The Mayflower Compact was a short agreement signed in 1620 by male passengers aboard the Mayflower before they settled at Plymouth. It mattered because the settlers were outside the area covered by their original patent, so they needed a way to create order and authority. The Compact showed that a political community could form a government based on consent and shared rules.
It became an important early example of self-government in the American political tradition.
The document did not create a modern democracy, and it did not give political rights to everyone in the colony. Instead, it established that the signers would combine into a civil body politic and make laws for the general good of the colony.

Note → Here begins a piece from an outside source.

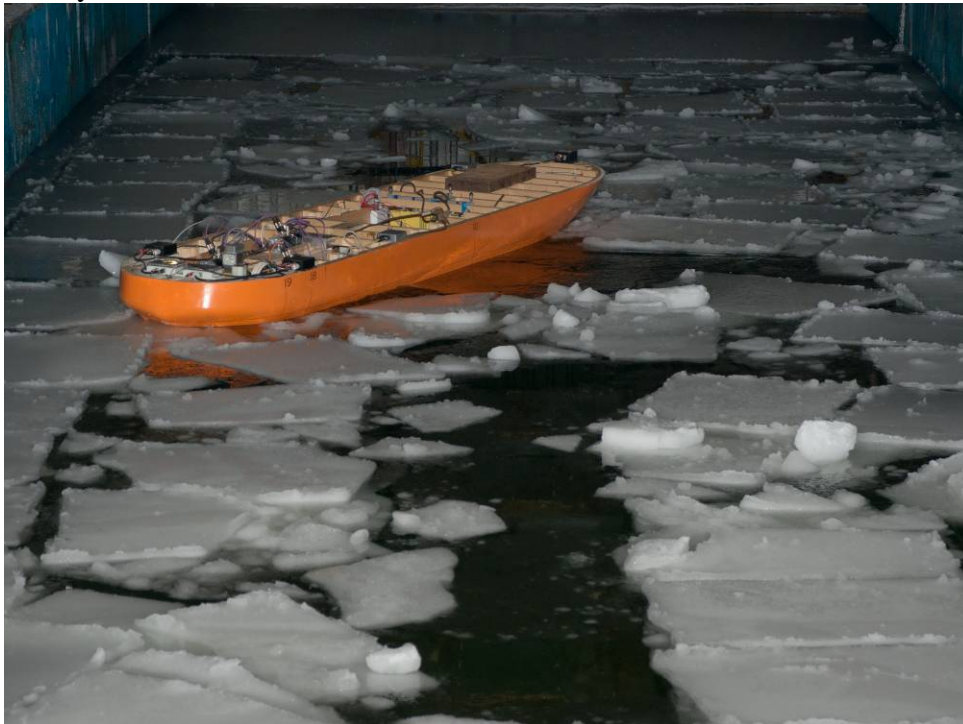
Figure 4. Optimization of ice management modeling techniques using icebreaker model in the ice basin

For this purpose special equipment was developed to be installed on the ship model under study for recording physical values, fixing model position coordinates as well as execution of real-time control functions. This equipment includes propulsion pods, model remote control panel integrated into the data monitoring and visualization system, model controls and radio-link unit for ship model position fixing (Figure 4). Underwater processes are viewed with assistance of a special remotely controlled submersible adapted for operation in cold and salty water.

Its power came from the agreement of the signers to follow rules they helped authorize.
Later Americans looked back on the Mayflower Compact as one step in the long development of representative government, written constitutions, and consent of the governed.
Key Facts
- The Mayflower Compact was signed in 1620 aboard the Mayflower near present-day Cape Cod.
- 41 adult male passengers signed the Compact.
- The Compact created a civil body politic, meaning a political community with shared authority.
- Its central idea was government by consent, meaning people agree to follow laws made for their community.
- The Compact promised to create just and equal laws for the general good of the colony.
- It influenced later American ideas about self-government, written agreements, and consent of the governed.
Vocabulary
- Mayflower Compact
- A 1620 agreement signed by Mayflower passengers to form a government and obey laws for the Plymouth Colony.
- Self-government
- A system in which people in a community take part in creating or approving the rules that govern them.
- Consent of the governed
- The idea that a government's authority comes from the agreement of the people it governs.
- Civil body politic
- A group of people organized as one political community with shared laws and responsibilities.
- Plymouth Colony
- The English settlement founded by the Mayflower passengers in 1620 in present-day Massachusetts.
Common Mistakes to Avoid
- Calling the Mayflower Compact the first U.S. Constitution is wrong because the United States did not exist in 1620 and the Compact only governed the Plymouth settlers.
- Saying everyone aboard the Mayflower signed it is wrong because only 41 adult male passengers signed the document.
- Claiming it created full democracy is wrong because political participation was limited and many people, including women and servants, did not have equal political power.
- Ignoring the colony's legal problem is wrong because the Compact was needed partly because the settlers landed outside the area covered by their original permission to settle.
Practice Questions
- 1 If 102 passengers were aboard the Mayflower and 41 signed the Compact, what percentage of passengers signed it? Round to the nearest whole percent.
- 2 The Mayflower Compact was signed in 1620. The Declaration of Independence was adopted in 1776. How many years passed between these two documents?
- 3 Explain how the Mayflower Compact shows the idea of consent of the governed, even though it did not include everyone in the colony equally.